Exercise goal ▸ Could you repeat the records below exactly as written?

Supplied data ▸
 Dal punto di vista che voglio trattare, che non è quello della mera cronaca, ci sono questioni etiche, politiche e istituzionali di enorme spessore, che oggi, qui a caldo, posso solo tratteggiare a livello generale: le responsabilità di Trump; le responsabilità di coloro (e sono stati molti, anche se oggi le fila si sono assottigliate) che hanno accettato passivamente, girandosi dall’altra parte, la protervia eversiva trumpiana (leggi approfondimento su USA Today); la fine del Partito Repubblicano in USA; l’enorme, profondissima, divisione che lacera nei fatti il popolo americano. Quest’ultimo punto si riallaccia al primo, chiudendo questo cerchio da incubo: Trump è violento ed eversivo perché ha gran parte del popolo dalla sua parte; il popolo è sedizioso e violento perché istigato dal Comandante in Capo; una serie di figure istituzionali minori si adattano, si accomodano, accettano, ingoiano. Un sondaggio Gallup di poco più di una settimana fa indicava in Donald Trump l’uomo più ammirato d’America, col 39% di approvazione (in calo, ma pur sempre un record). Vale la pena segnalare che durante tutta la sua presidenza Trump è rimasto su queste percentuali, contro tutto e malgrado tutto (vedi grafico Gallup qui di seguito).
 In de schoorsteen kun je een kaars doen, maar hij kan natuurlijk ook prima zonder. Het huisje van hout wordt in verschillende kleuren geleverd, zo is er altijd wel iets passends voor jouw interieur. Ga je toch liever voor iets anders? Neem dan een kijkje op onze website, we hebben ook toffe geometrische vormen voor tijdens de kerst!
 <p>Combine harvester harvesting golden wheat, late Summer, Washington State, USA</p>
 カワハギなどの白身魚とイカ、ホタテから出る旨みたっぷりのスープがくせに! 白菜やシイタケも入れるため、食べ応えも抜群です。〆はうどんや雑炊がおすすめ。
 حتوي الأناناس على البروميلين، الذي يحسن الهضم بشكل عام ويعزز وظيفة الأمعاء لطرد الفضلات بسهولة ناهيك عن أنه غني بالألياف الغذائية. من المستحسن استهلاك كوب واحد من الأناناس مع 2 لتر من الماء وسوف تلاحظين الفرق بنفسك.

Exercise response ▸
 Dal punto di vista che voglio trattare, che non è quello della mera cronaca, ci sono questioni etiche, politiche e istituzionali di enorme spessore, che oggi, qui a caldo, posso solo tratteggiare a livello generale: le responsabilità di Trump; le responsabilità di coloro (e sono stati molti, anche se oggi le fila si sono assottigliate) che hanno accettato passivamente, girandosi dall’altra parte, la protervia eversiva trumpiana (leggi approfondimento su USA Today); la fine del Partito Repubblicano in USA; l’enorme, profondissima, divisione che lacera nei fatti il popolo americano. Quest’ultimo punto si riallaccia al primo, chiudendo questo cerchio da incubo: Trump è violento ed eversivo perché ha gran parte del popolo dalla sua parte; il popolo è sedizioso e violento perché istigato dal Comandante in Capo; una serie di figure istituzionali minori si adattano, si accomodano, accettano, ingoiano. Un sondaggio Gallup di poco più di una settimana fa indicava in Donald Trump l’uomo più ammirato d’America, col 39% di approvazione (in calo, ma pur sempre un record). Vale la pena segnalare che durante tutta la sua presidenza Trump è rimasto su queste percentuali, contro tutto e malgrado tutto (vedi grafico Gallup qui di seguito).
 In de schoorsteen kun je een kaars doen, maar hij kan natuurlijk ook prima zonder. Het huisje van hout wordt in verschillende kleuren geleverd, zo is er altijd wel iets passends voor jouw interieur. Ga je toch liever voor iets anders? Neem dan een kijkje op onze website, we hebben ook toffe geometrische vormen voor tijdens de kerst!
 <p>Combine harvester harvesting golden wheat, late Summer, Washington State, USA</p>
 カワハギなどの白身魚とイカ、ホタテから出る旨みたっぷりのスープがくせに! 白菜やシイタケも入れるため、食べ応えも抜群です。〆はうどんや雑炊がおすすめ。
 حتوي الأناناس على البروميلين، الذي يحسن الهضم بشكل عام ويعزز وظيفة الأمعاء لطرد الفضلات بسهولة ناهيك عن أنه غني بالألياف الغذائية. من المستحسن استهلاك كوب واحد من الأناناس مع 2 لتر من الماء وسوف تلاحظين الفرق بنفسك.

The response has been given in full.